In fact, skills are secondary. If a child values ??friendship, is willing to share, and is willing to help others, even if he is not good at words and does not know social skills, he can still impress others with his sincerity and become a popular and blessed person.

The third thing that touches me about Huang Lei is that no matter where he goes, he will bring books to Duoduo and read with his daughter.

When they were in Fiji, he and Duoduo were reading with a flashlight on the bed.

In the Yellow River Stone Forest, Duoduo sat in the yard and read to his younger brothers and sisters.

When Huang Lei participates in other programs, he will also take books with him, get up early to make a cup of tea, grab a pen, and enjoy that quiet reading time.

Because she has a father who loves to read so much, when Duoduo was once asked "What items should I bring when traveling?", her answer was actually "books".

Reading has become as natural as eating and sleeping. No wonder Duoduo can write English poems and scripts at a young age.

I forgot which book I read, a mother said that no matter how hard we try, we cannot give our children the best influence in all aspects, but books can.

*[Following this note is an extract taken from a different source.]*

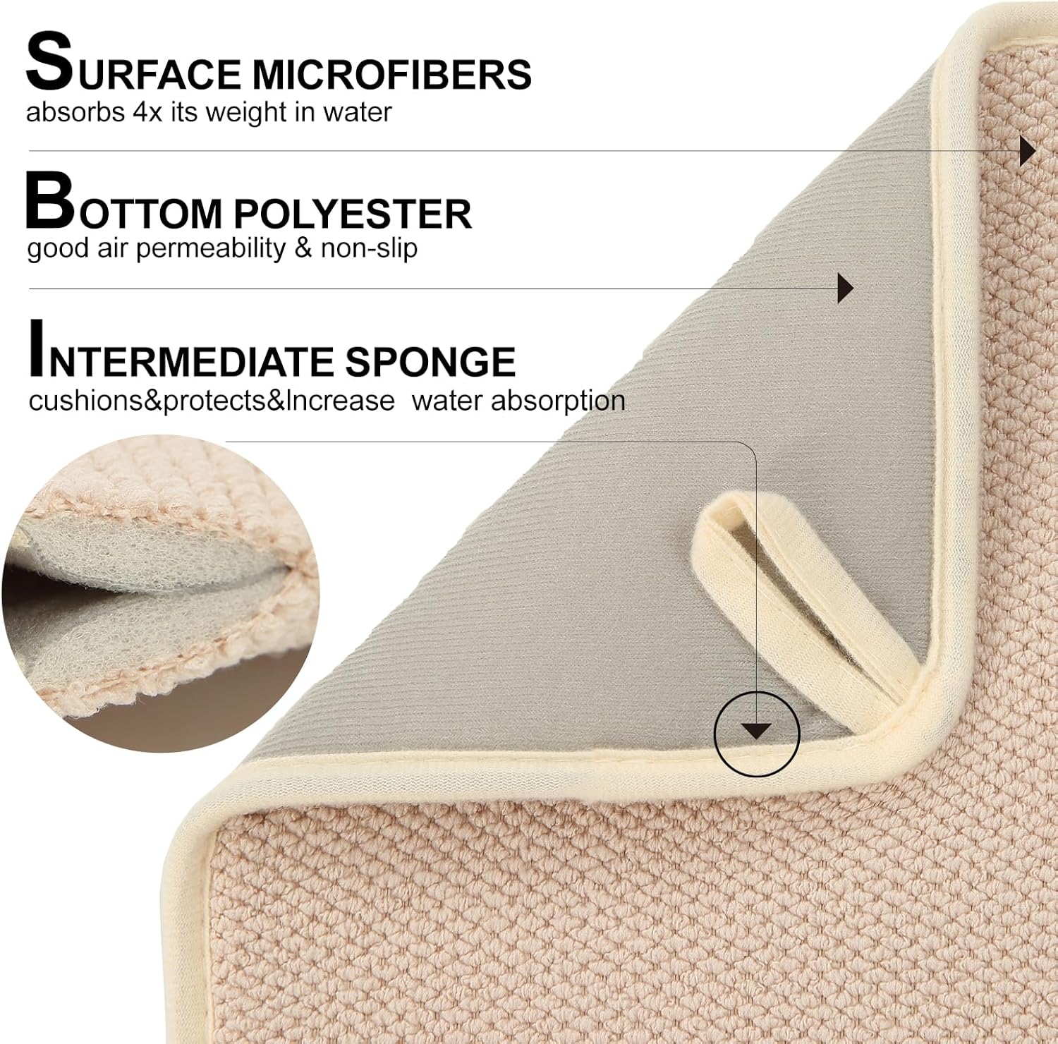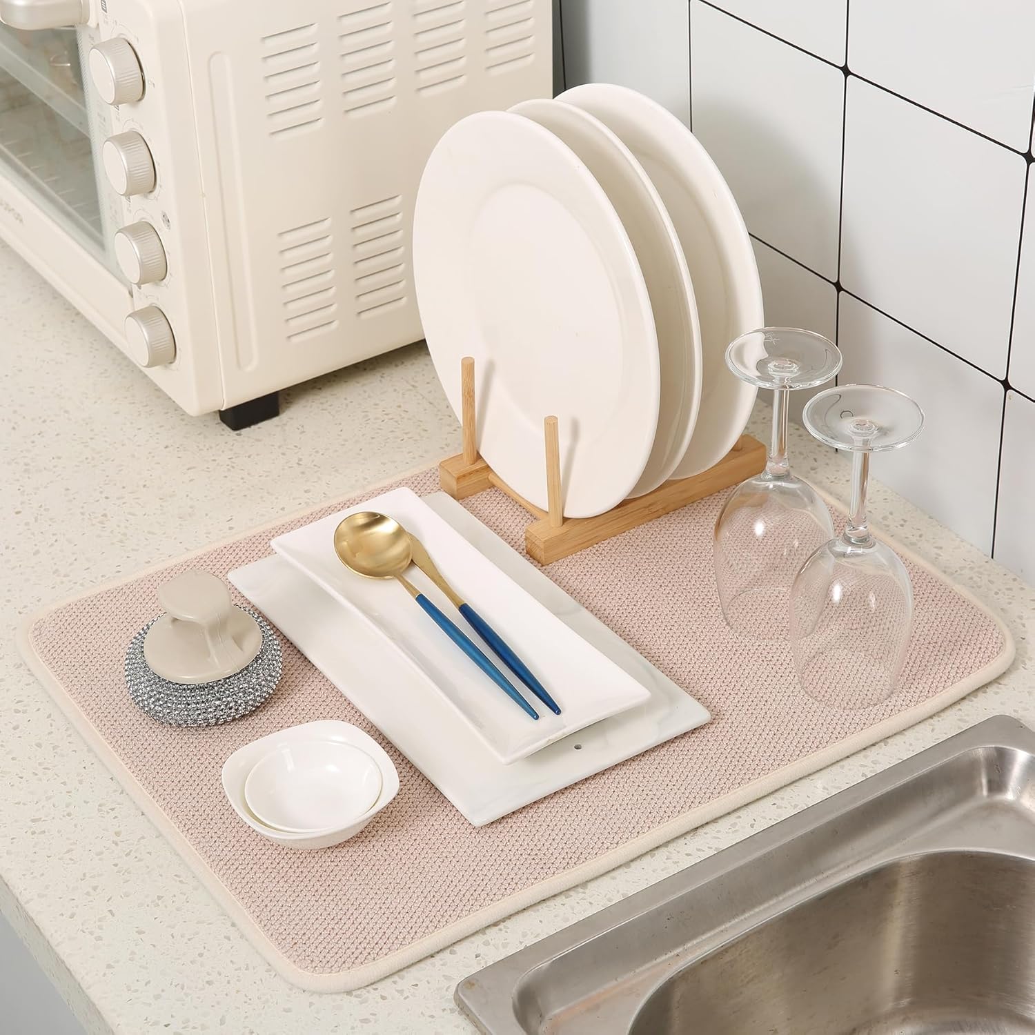 2 Pack Microfiber Dish Drying Mat for Kitchen Counter,Ultra Absorbent Dish Drainer Mat ,Dish Drying Pad ,Dish Rack Mat 20×15 Inch (Beige)

In books, children can talk to the most thoughtful and wise great people, experience situations that are impossible to encounter in real life, and explore everything they want to know.

So introduce books as a good friend to your children as early as possible. It allows children to live an interesting, rich and less lonely life.

There are many things we can learn from Huang Lei’s parenting style. For example, he has a happy marriage with Sun Li, his respect for his children, and the importance he attaches to having family meals together.

But what moved me the most was his interpretation of the three words "happiness".

In fact, comfortable living conditions, excellent grades, and the various abilities we want to cultivate in our children, in the final analysis, don’t we just want them to live happily?

As long as the child is rich inside, everything else will fall into place.